Enterprises struggling to move artificial intelligence from pilot projects to real operations may soon have a new path forward. IT services giant NTT DATA has introduced a new initiative built on technology from NVIDIA aimed at delivering “enterprise AI factories,” a framework designed to scale AI systems from experimentation to production.
The platform combines NVIDIA’s GPU-accelerated infrastructure, high-performance networking, and the NVIDIA AI Enterprise software suite into a unified stack that organizations can deploy across cloud and edge environments. It includes tools such as NVIDIA NeMo for building AI agents and NVIDIA NIM Microservices for running AI workloads through preconfigured containers. The goal is to create a governed environment that supports the entire lifecycle of enterprise AI—from model training to application deployment.

Can AI Factories Solve The Enterprise Production Gap?
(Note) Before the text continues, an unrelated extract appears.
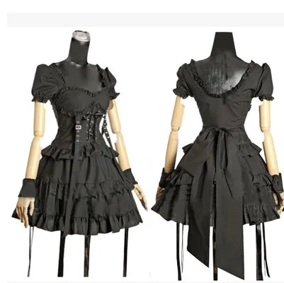 buy-now Neue Baumwolle Frauen Kurzarm Schwarz Victorian Corset Gothic Lolita Kleid Ballkleid Customized Kleider
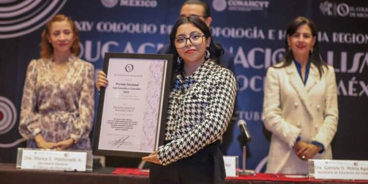 Junto al presidente del Colmich, Luis Alberto Arrioja Díaz, la secretaria de Educación destacó el trabajo de Magaly Alcántara, quien con su tesis “Mujeres, cristianismo y revolución”, fue acreedora de la mención honorífica entregada por el Colmich.

Many companies have proven AI concepts in controlled pilots but struggle to operationalize them at scale. According to NTT DATA, the AI factory model addresses this gap by providing standardized infrastructure and workflows that reduce the time and cost required to move from experimentation to production. But can a factory-style model truly transform how enterprises deploy AI?
Early deployments suggest the approach could deliver measurable gains. In healthcare research, a cancer-focused hospital is using NVIDIA HGX platforms with support from NTT DATA and Dell Technologies to accelerate radiology analysis and evaluate medical models faster. In automotive manufacturing, a global supplier reportedly shortened production setup time by validating workloads on bare-metal systems before scaling through the AI factory architecture.
A separate technology manufacturing case highlights another potential advantage. A U.S.-based company is running NVIDIA-accelerated simulations and 3D visualization tools to test a next-generation battery production line before it is physically built, reducing operational risk and development costs.
NTT DATA CEO Abhijit Dubey said enterprises are entering a new phase of AI adoption.
“By integrating NVIDIA technologies into our enterprise AI factories, we’re giving clients a powerful and secure environment to adopt agentic AI with measurable returns from the start,” he said.
From NVIDIA’s perspective, the partnership addresses a growing demand among businesses for infrastructure that supports production-grade AI. John Fanelli, vice president of enterprise software at NVIDIA, noted that many organizations are now focused on scaling successful pilots rather than experimenting with isolated tools.
NTT DATA’s role in NVIDIA’s partner ecosystem also strengthens the initiative. The company says it is currently the only global IT services provider participating across all three of NVIDIA’s partnership tracks: solution provider, cloud partner, and global system integrator.
The timing reflects broader pressure across the technology sector. Companies are spending billions on AI infrastructure, but boards increasingly demand measurable returns and governance controls.
If the AI factory model proves effective, it could become a template for enterprise AI deployments across industries—potentially shaping the next wave of large-scale AI adoption as organizations push beyond proof-of-concept experiments and toward fully operational systems.